## ABOUT THIS TASK
Leave out the pictures and output exactly the lines below from the one with "Fotocollage: Kerstboom, Magische" down to the one with "long hair angel", both of them included.
━━━ ENTRIES SUPPLIED
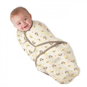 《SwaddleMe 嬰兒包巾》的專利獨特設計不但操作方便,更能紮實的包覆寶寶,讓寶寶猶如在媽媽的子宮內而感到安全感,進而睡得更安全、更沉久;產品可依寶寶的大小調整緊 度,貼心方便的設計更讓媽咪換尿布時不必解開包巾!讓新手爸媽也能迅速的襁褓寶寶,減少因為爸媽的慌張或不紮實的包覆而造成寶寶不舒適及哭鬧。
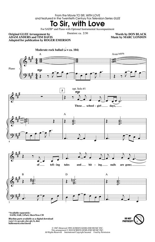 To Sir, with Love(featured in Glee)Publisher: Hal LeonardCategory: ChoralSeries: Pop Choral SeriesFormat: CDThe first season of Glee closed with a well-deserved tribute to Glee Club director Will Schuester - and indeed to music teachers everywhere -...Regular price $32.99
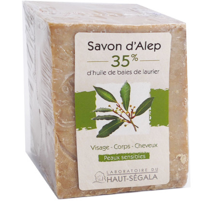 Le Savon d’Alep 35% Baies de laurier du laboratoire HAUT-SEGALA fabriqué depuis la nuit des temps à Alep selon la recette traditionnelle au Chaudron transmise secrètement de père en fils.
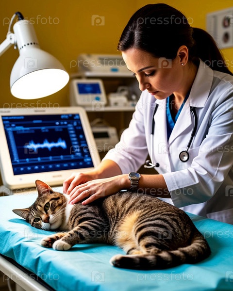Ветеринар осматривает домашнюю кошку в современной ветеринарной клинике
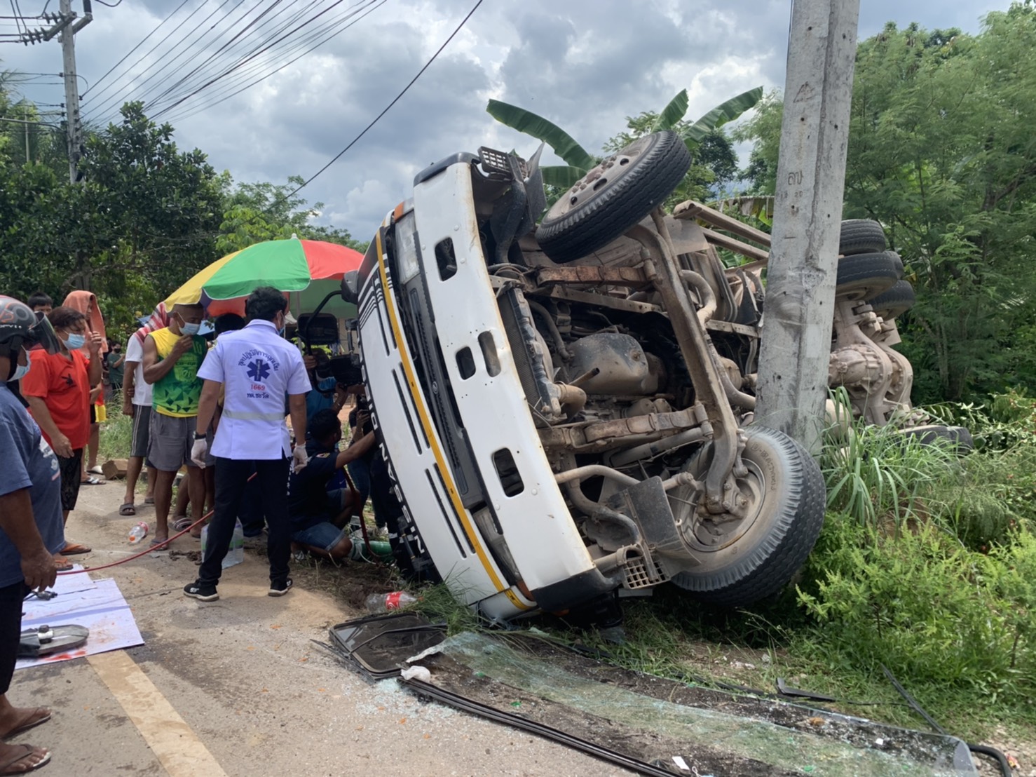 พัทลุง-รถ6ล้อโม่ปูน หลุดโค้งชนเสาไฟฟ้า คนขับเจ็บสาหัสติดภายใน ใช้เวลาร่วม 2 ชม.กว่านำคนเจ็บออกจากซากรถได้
━━━━━━
━━━ ENTRIES SUPPLIED
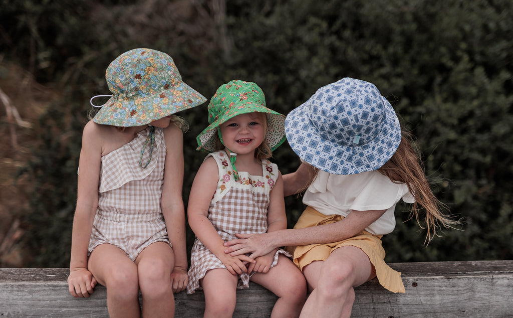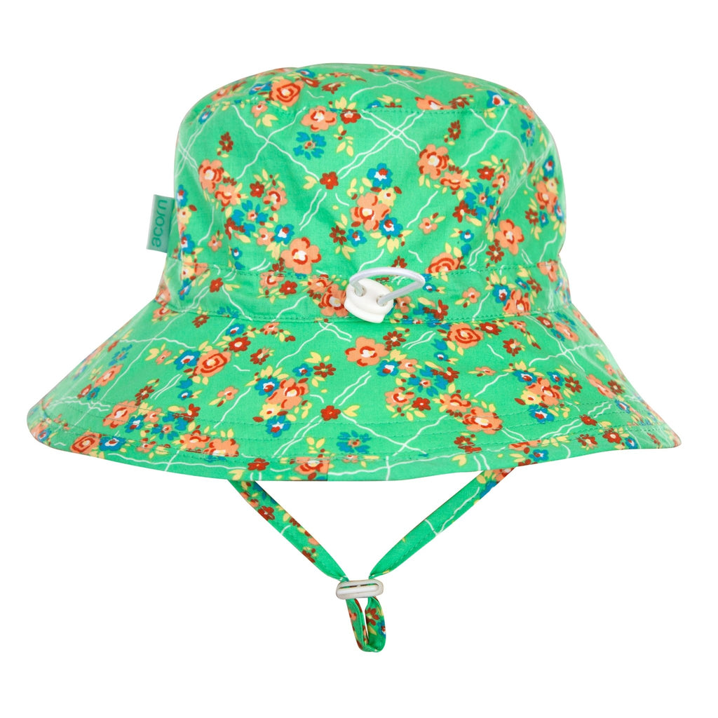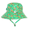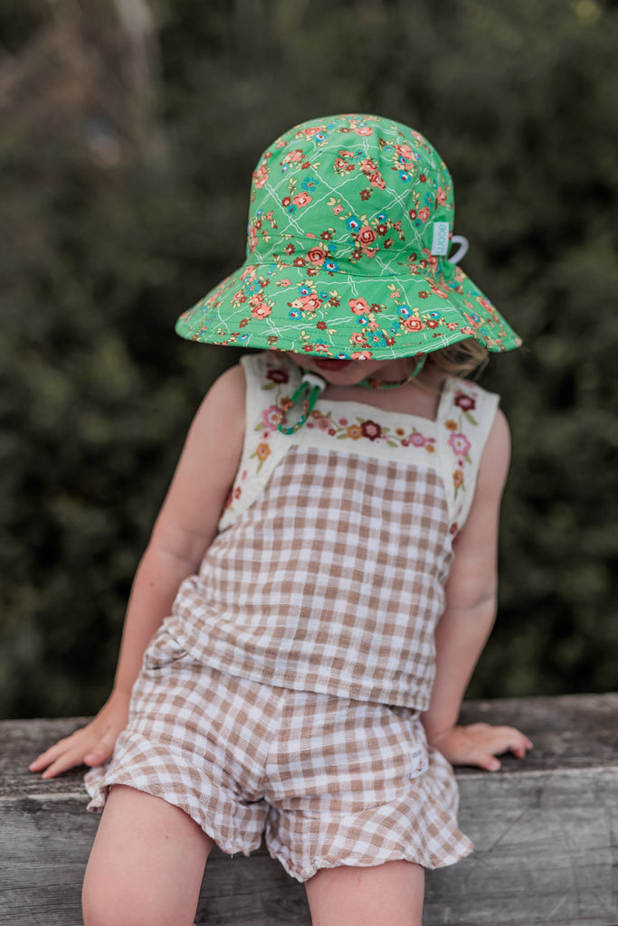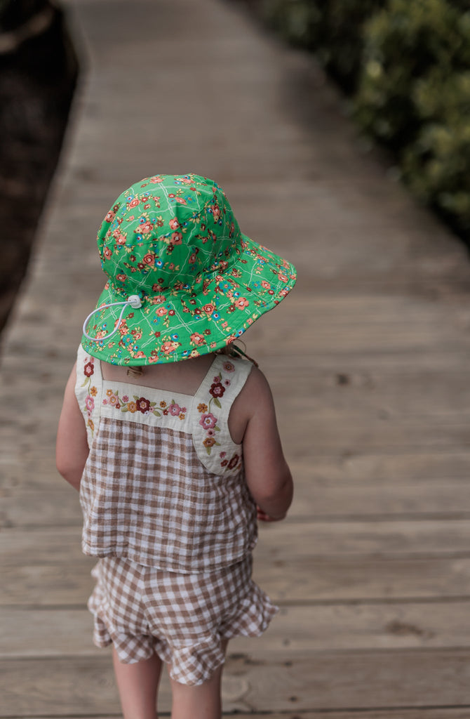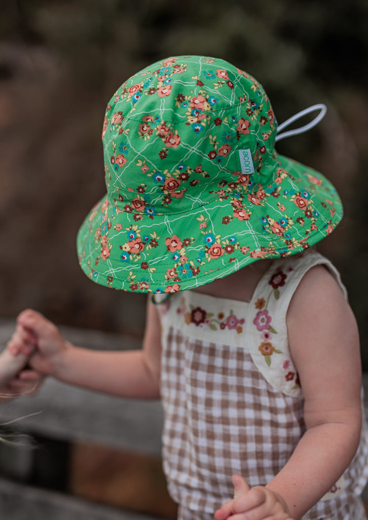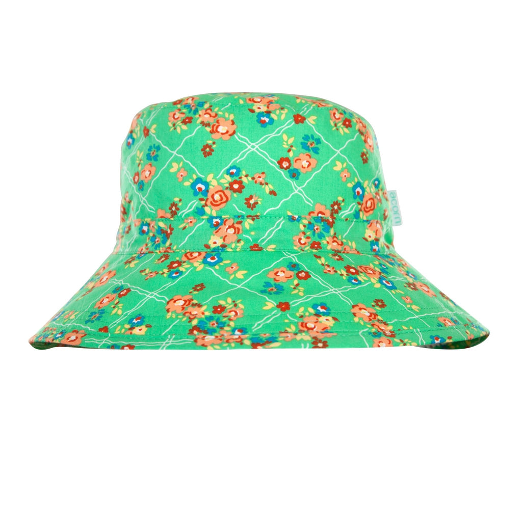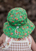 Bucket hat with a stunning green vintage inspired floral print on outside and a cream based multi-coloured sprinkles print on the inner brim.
━━━━━━
━━━ ENTRIES SUPPLIED
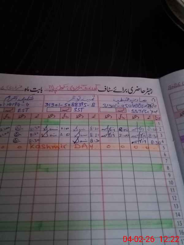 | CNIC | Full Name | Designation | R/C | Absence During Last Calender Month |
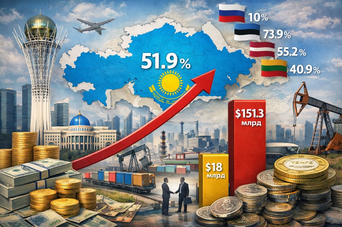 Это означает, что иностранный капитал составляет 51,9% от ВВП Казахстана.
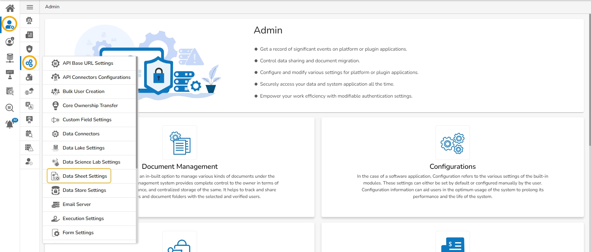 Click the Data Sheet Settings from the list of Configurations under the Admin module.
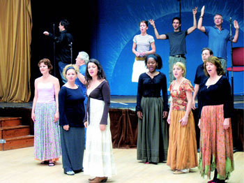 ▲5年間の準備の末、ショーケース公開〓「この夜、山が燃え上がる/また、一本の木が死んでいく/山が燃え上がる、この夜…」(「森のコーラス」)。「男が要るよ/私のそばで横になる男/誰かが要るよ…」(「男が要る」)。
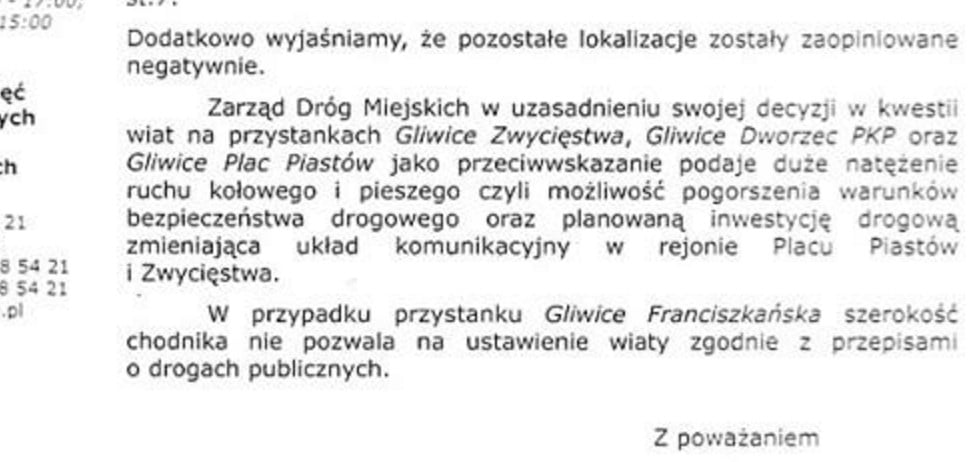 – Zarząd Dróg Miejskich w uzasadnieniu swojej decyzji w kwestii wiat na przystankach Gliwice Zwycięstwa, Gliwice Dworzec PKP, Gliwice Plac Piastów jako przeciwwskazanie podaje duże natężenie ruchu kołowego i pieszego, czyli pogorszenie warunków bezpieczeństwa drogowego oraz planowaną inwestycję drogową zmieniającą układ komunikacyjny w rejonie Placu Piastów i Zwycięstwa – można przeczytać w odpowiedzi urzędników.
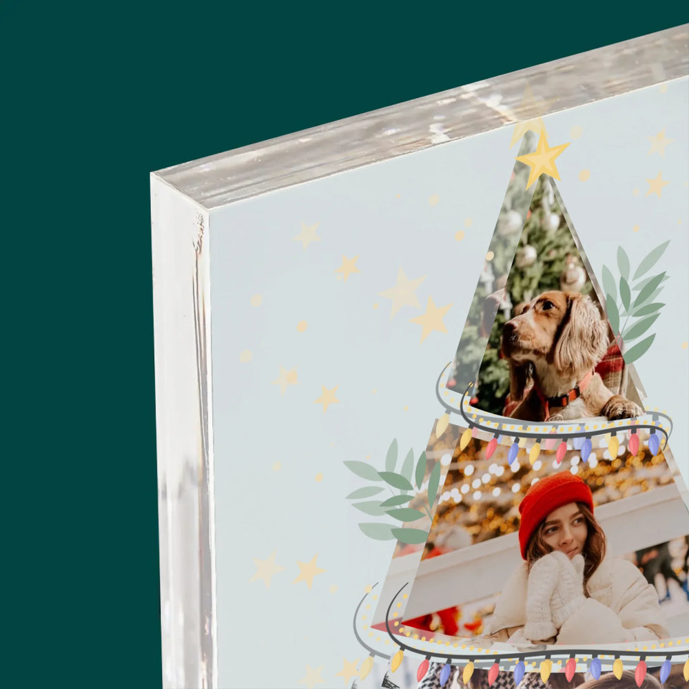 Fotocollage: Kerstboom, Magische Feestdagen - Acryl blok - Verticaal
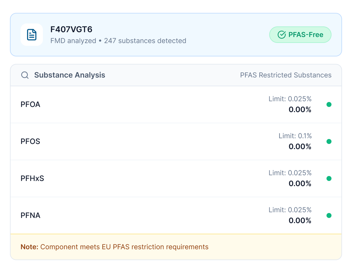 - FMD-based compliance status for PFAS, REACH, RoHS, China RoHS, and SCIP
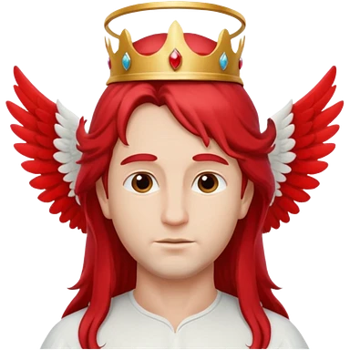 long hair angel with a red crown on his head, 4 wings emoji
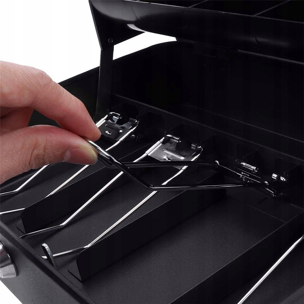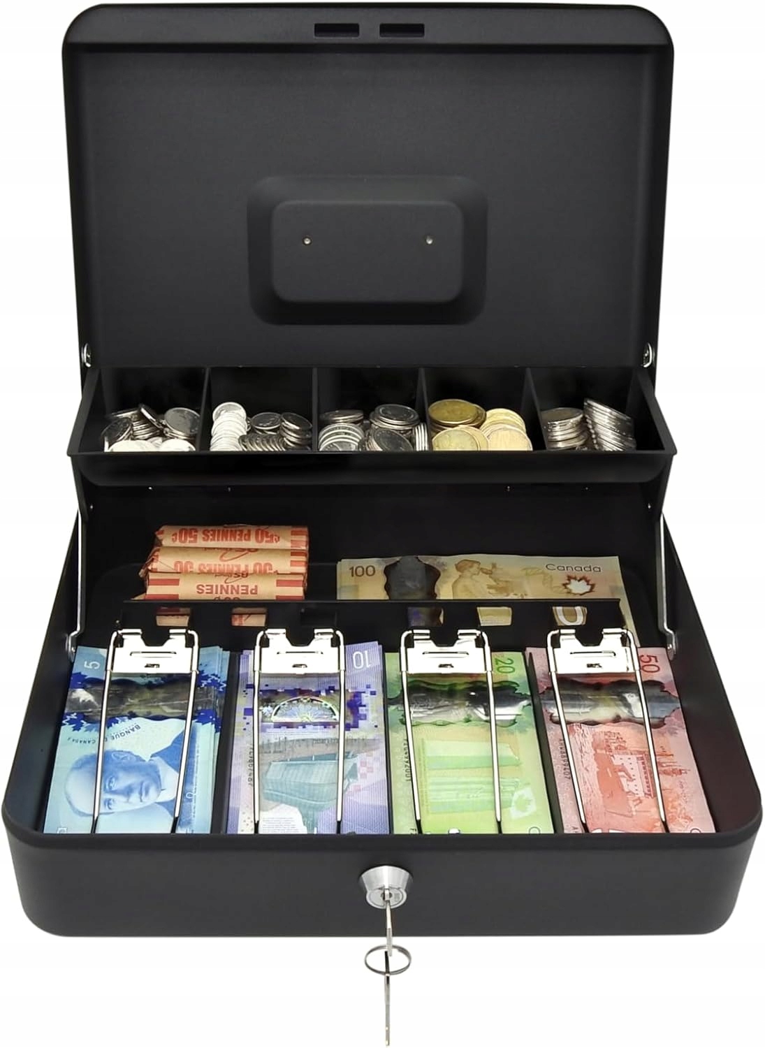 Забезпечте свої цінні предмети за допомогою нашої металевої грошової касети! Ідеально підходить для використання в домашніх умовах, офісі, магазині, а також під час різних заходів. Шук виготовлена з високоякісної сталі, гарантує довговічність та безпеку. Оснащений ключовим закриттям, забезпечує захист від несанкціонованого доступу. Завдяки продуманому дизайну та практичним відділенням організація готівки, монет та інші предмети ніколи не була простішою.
━━━━━━
## EXERCISE SOLUTION
 Fotocollage: Kerstboom, Magische Feestdagen - Acryl blok - Verticaal
 - FMD-based compliance status for PFAS, REACH, RoHS, China RoHS, and SCIP
 long hair angel with a red crown on his head, 4 wings emoji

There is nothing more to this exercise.